Almost immediately after the worried Fred Nesbitt found the body that evening, the investigation focused on a so-called “want-ad rapist” who had been active in the San Francisco area. In a half-dozen cases there, a man had raped women who had made appointments with him to show him boats for sale. In none of those cases, however, was a victim killed.
But police later ruled out a suspect in those attacks when he proved to be elsewhere the day of Nesbitt’s death.
“We looked at everything,” said Sgt. Mike Jackson, a Newport homicide investigator. “You just never know. It could be a serial-type killer, a nut. We checked other ‘want-ad’ killers, other cases that looked similar, crimes involving other boats and the sale of boats, sex offender lists. With the lack of clues, you have to go in all kinds of directions.”
No one has ever been arrested. The lack of progress has left the family and investigators frustrated, but they still hope for a break. “You can’t believe that he’d do it one time and that’s it,” Hardy said. “He’ll do it again, somewhere else. It’s a shame if someone else has to die for us to catch him, but he’ll do it again, and because of that he’ll get caught.”
Hardy said the Nesbitt case and another unsolved murder in Newport Beach--the strangulation of 11-year-old Linda Ann O’Keefe in 1973--have become his life’s work.
“If I could solve these two cases, I would retire tomorrow,” he said. “That’s what it means to me. It’s become life’s challenge. You feel like you’re almost lost because you can’t solve it. It’s unfinished business, and naturally you want to close that chapter for the family.”
It may be a professional challenge to investigators Hardy and Jackson, but it is a search for justice for the family of Judy Nesbitt. After her death, the family slowly drifted apart. The house in Irvine and Felicidad IV were sold.
“It just tore the family apart,” Fred Nesbitt said. “We all handled it differently. There is a vindictiveness that is inherent in the three older kids and myself. The boys were ready to go out and get a gun and go shoot somebody.

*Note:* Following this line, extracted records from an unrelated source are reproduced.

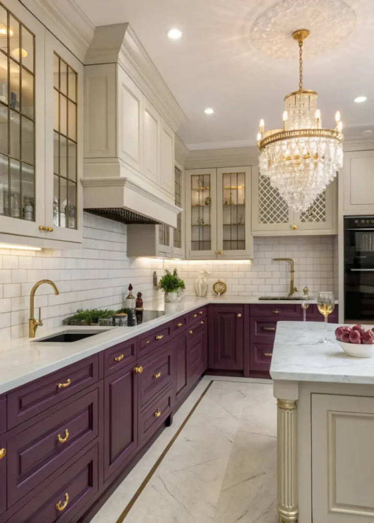 Create a dramatic, luxurious kitchen by combining deep plum lower cabinets with soft cream upper cabinets. This bold combination brings rich color and sophistication to your space while maintaining balance. The plum adds unexpected drama and elegance, while the cream provides a soft, light contrast. This pairing works beautifully with gold hardware, marble countertops, and crystal chandeliers.
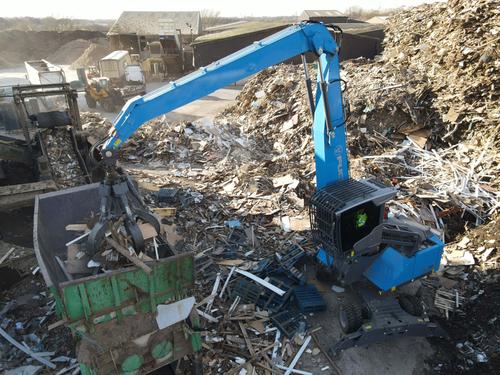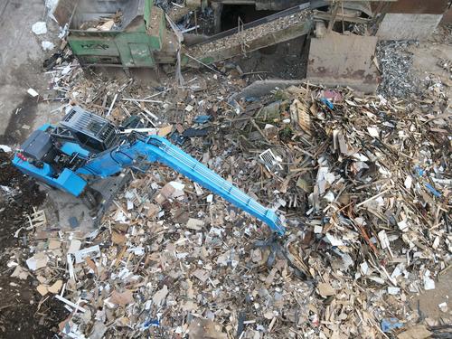 Boden’s brand new MHL 340F, fitted with a 800 litre grab, is being used to feed their static wood processing plant. With its 13.7-meter reach, the handler proves to be a highly efficient method of feeding the plant. The operator drives the material handler into place, parks up and goes to work for 14-18 hours a day, transferring material from stockpiles into a static shredder.
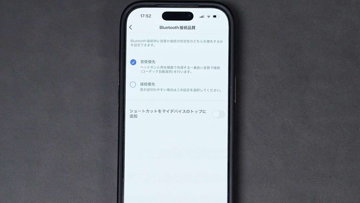 aptX Adaptiveも「高音質」と「安定」の2モードから選択可能です。
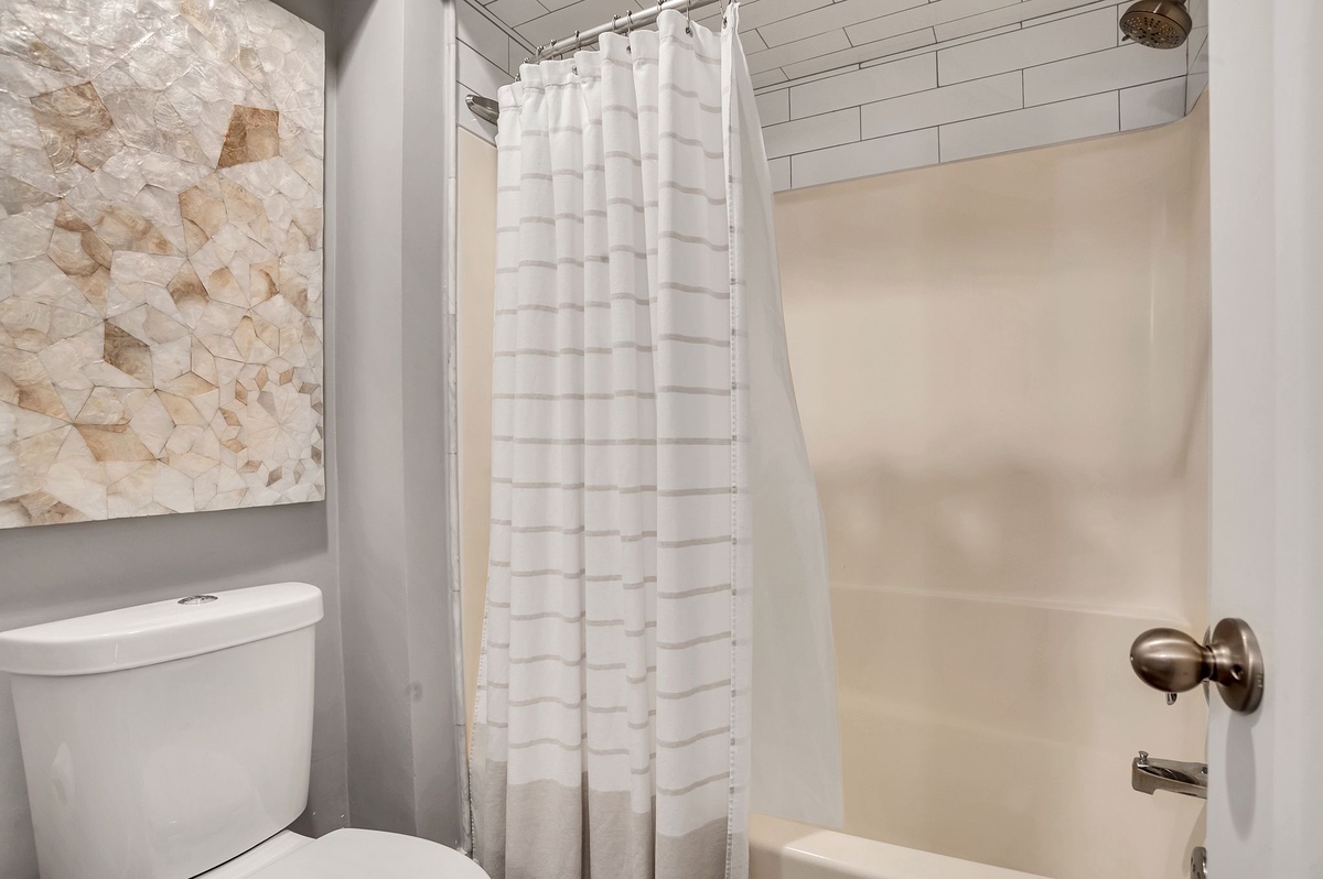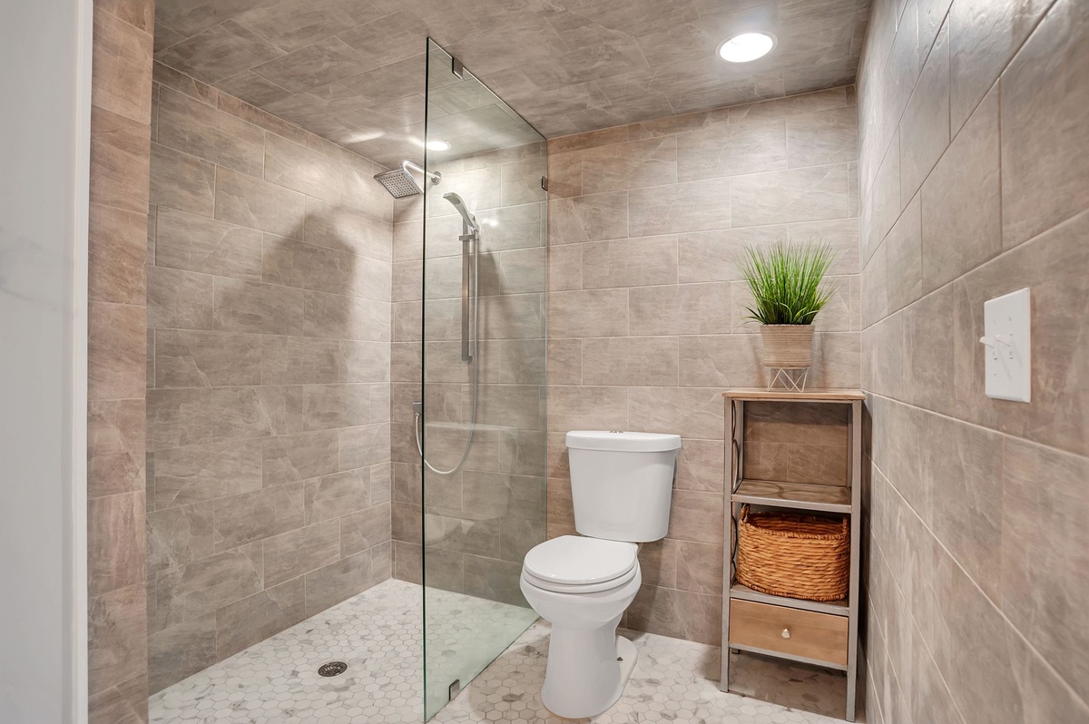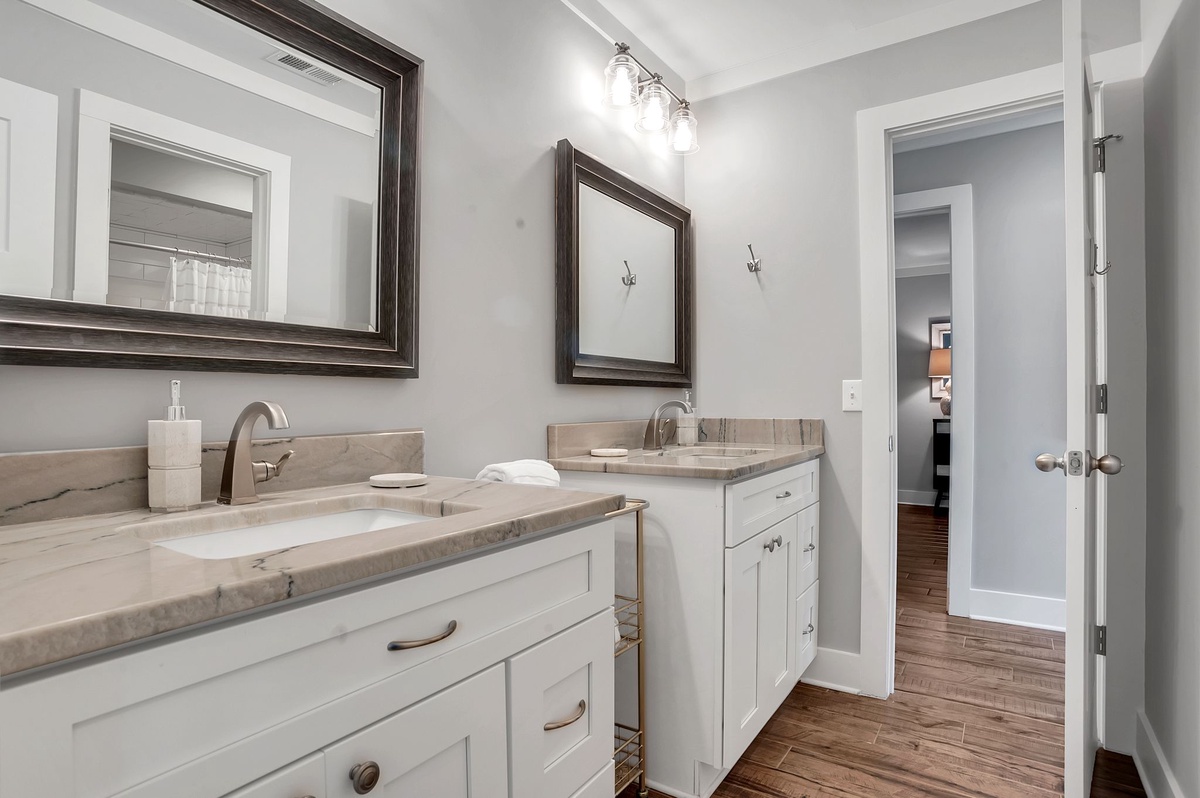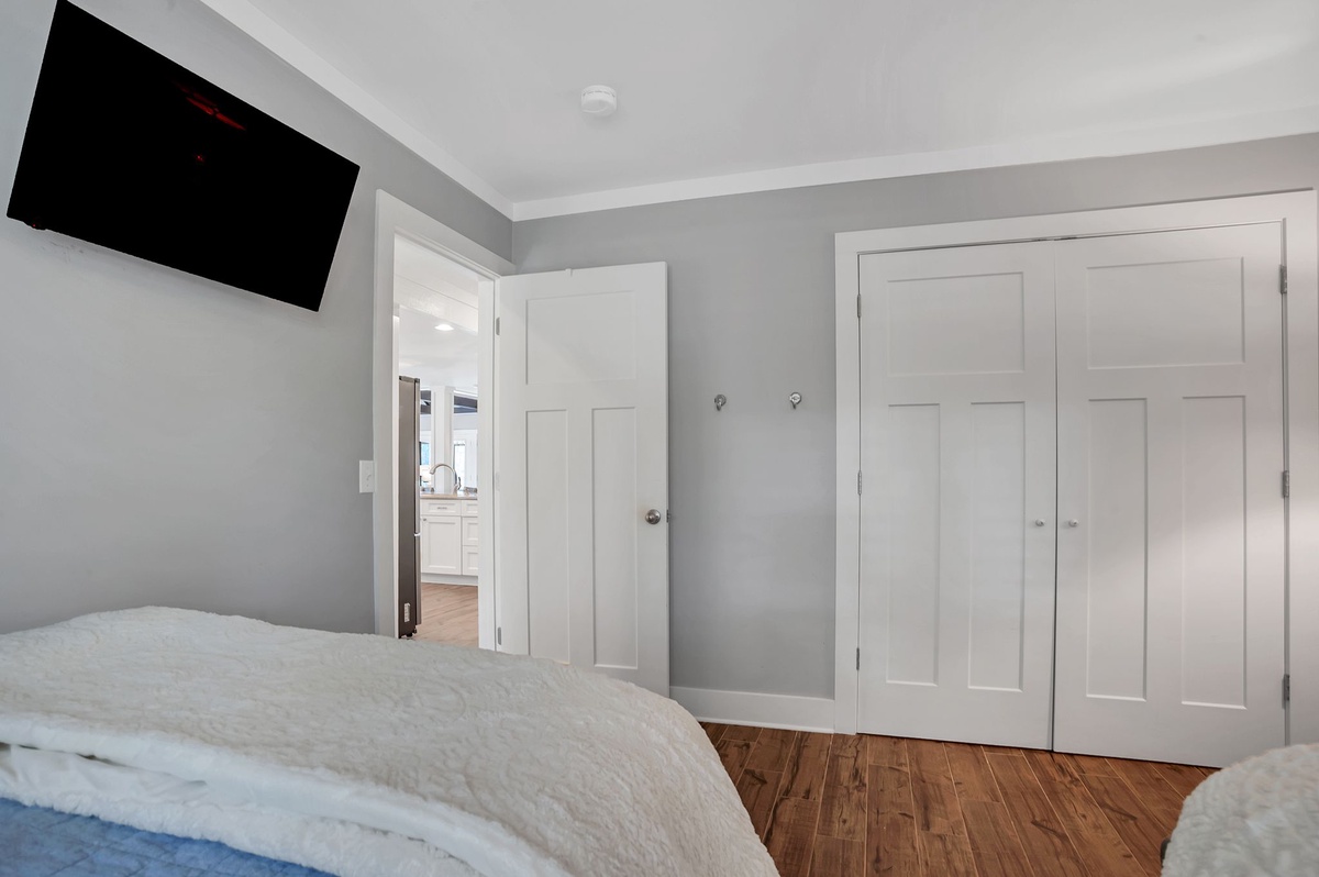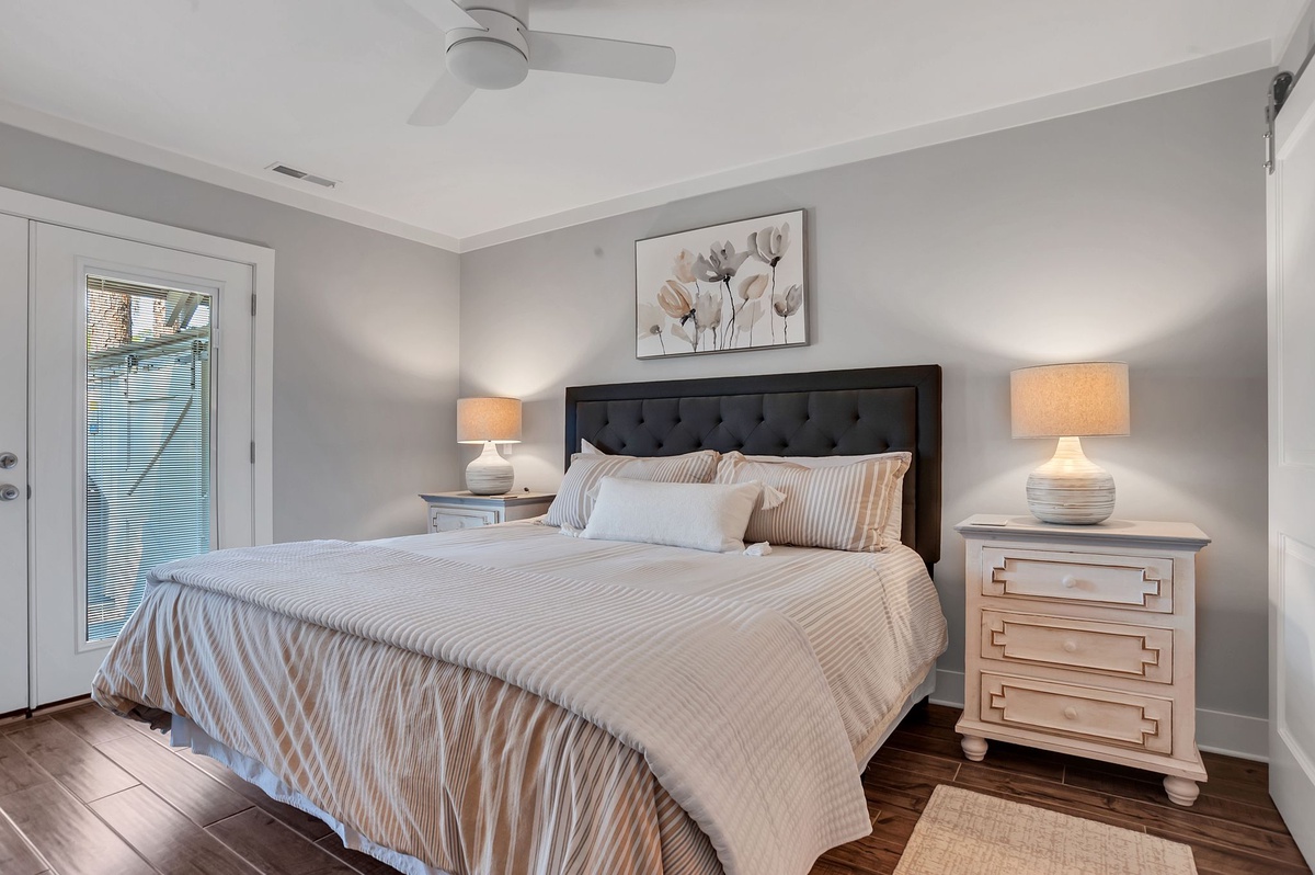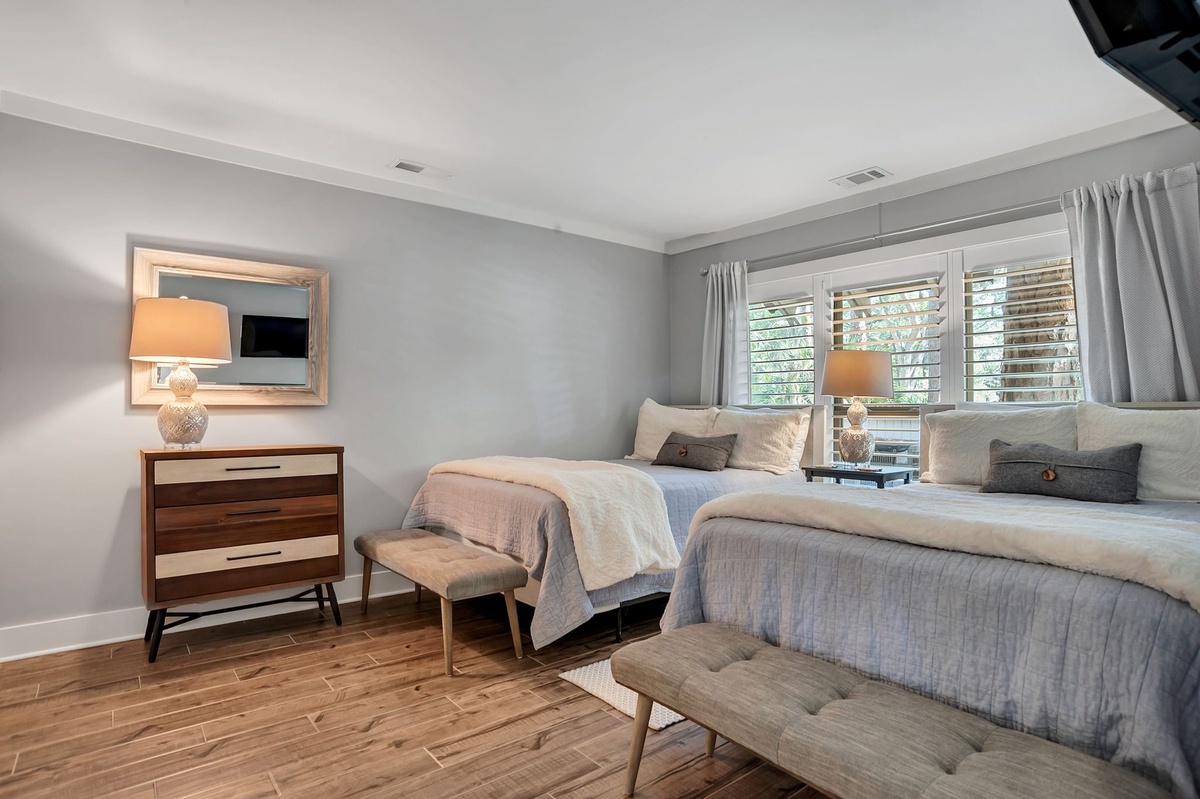 Boasting all the amenities of a fine resort, the master is as sophisticated in décor as it is loaded with comforts. With its king size bed facing a flat-screen TV, this room enjoys private access out to the rear patio as well as a private bath boasting dual-basin vanity and walk-in shower.

“I have always been a firm believer in the death penalty. I always felt it was a deterrent. I always felt that the looseness in the way we handled hardened criminals makes it easier to kill a witness. I really believe that if we had the death penalty, my wife would be alive today.”
Barbara Phillips, director of the state-funded Victim/Witness Assistance Program in Santa Ana, which counsels crime victims and their families, said the emotional trauma the Nesbitts have is typical.
“You have to deal with the real anger,” she said, “and I would have advised this family to get immediate counseling. Everyone will tell them that it takes time to get over it, but the truth is time does not and cannot bring a conclusion to this kind of thing. We never say to these families that everything is going to be the same or normal again, because it simply isn’t true.”
Even now, the memory of what happened has Steven Nesbitt groping for answers.
“It is so bizarre,” he said recently from his San Diego home. “It is almost like a mob hit, like no one will ever know who did it.”
The sobs came when he talked about his 5-year-old daughter and the grandmother she will never know: “It’s funny, but (my daughter) asked me just a few weeks ago how come she had never seen my mother. I didn’t know what to say. She can’t really figure out why I don’t have a mommy. We’ll have to wait a few years, I guess, before we can tell her.”
Jerry Conklin, Judy Nesbitt’s twin and a law enforcement officer of 25 years, understands the difficulty in solving the case, yet empathizes with the family’s desire for vengeance.
“There are so many problems with this case,” said Conklin, a lieutenant with the Los Angeles County Sheriff’s Department. “There were no witnesses and very little physical evidence.
“Of course, I’m angry too, but I don’t feel the same way that Fred and the boys feel. Fred can’t let go of it; the kids can’t let go of it. I don’t know if it is part of my personal makeup or background, but these things happen, and this just happened to happen to my family. It has given me some insight into how victims feel.